-- Opening Marker --

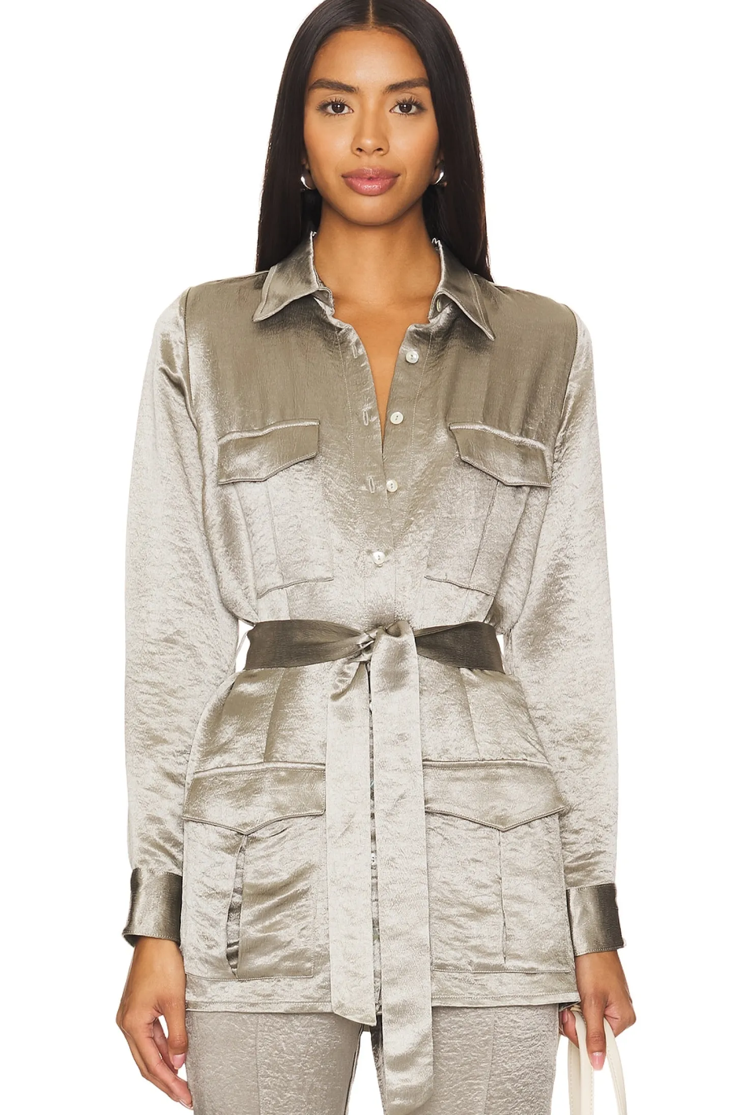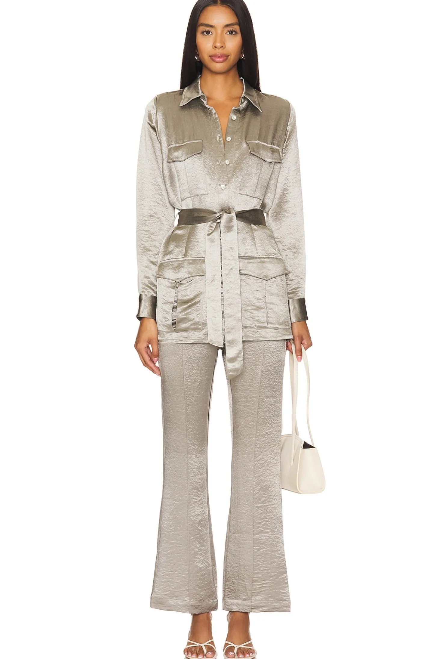 Sateen textile.Imported.Dry clean recommended.Front button closure with optional waistbelt.Four front cargo pockets.Buttoned cuffs.Textured sateen fabric.Item not sold as set
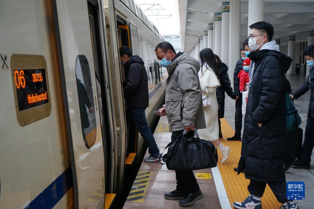 12月8日,旅客在呼和浩特站排隊(duì)登車。新華社記者 侯維軼 攝
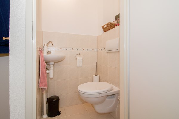 Aan de achterzijde, grenzend aan de woonkamer, ligt een bijkeuken die ideaal te gebruiken is als extra opslag. Vanuit de bijkeuken is er een directe toegang naar de achtertuin.
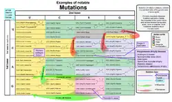 - Radical replacement - an amino acid is exchanged into another with different properties. This can lead to changes in protein structure or function, which can cause potentially lead to changes in phenotype, sometimes pathogenic. A well known example in humans is sickle cell anemia, due to a mutation in beta globin where at position 6 glutamic acid (negatively charged) is exchanged with valine (not charged).
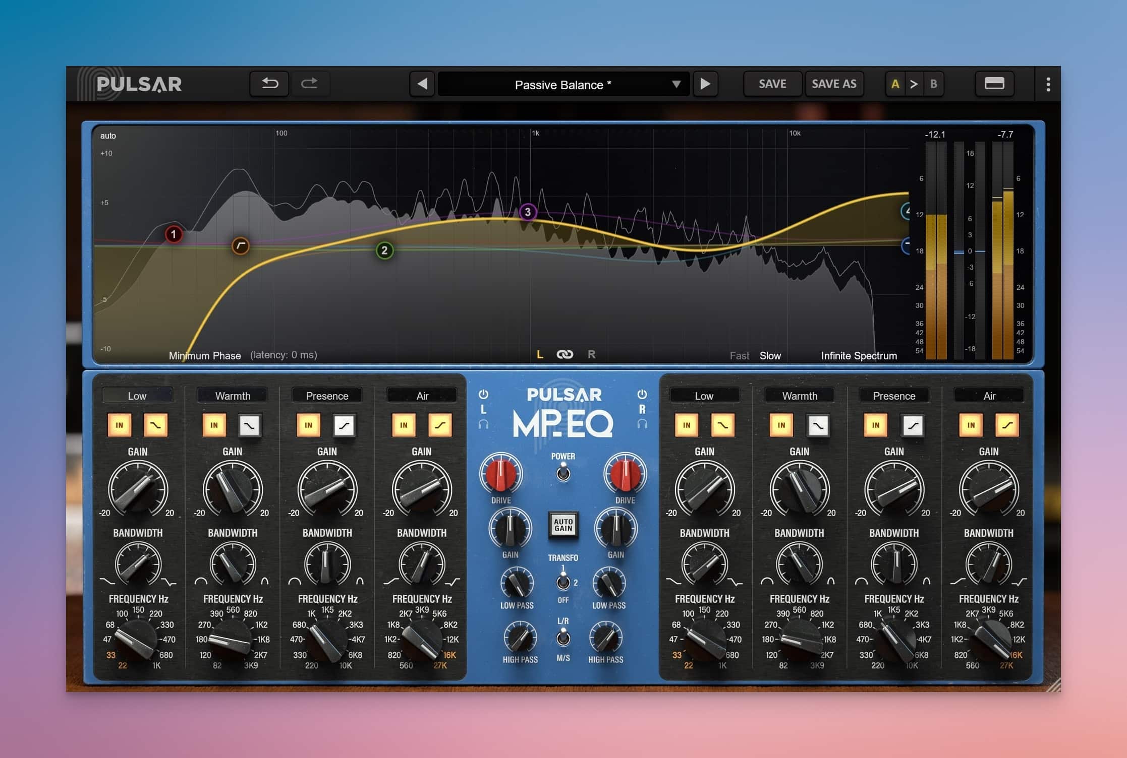 Pulsar MP-EQのサウンドは、クリーミーなトップエンド、よくバランスの取れた中域、パンチの効いた低域を与えるものとして説明できます。
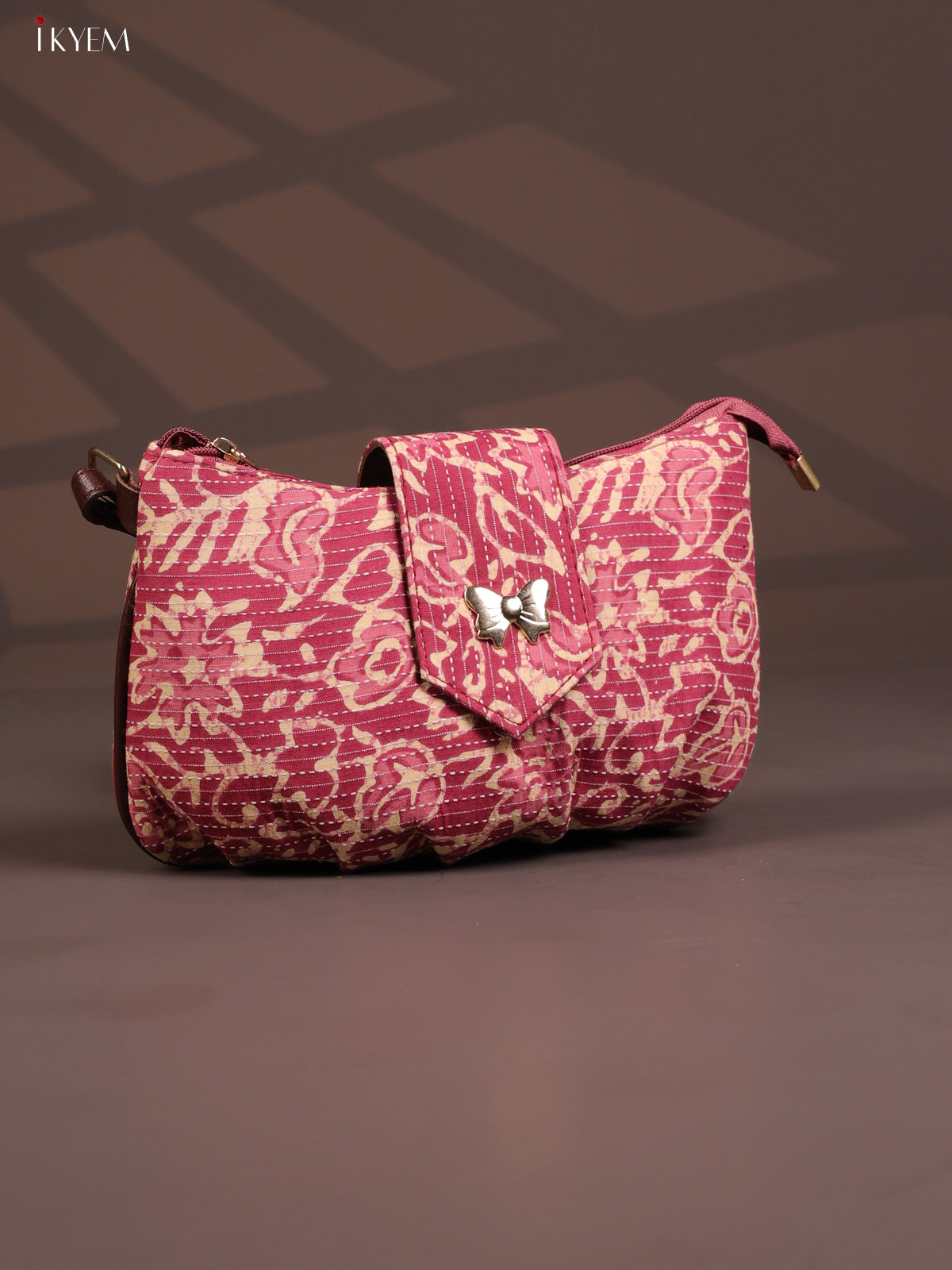 - Stay organized with our Floral Cotton Leather Sling bag.

-- Closing Marker --

What is being asked:
Reproduce nothing but the lines running from the line with "Pulsar MP-EQのサ" through the end of the records, keeping both end lines and dropping the pictures.

Answer to the problem:
 Pulsar MP-EQのサウンドは、クリーミーなトップエンド、よくバランスの取れた中域、パンチの効いた低域を与えるものとして説明できます。
 - Stay organized with our Floral Cotton Leather Sling bag.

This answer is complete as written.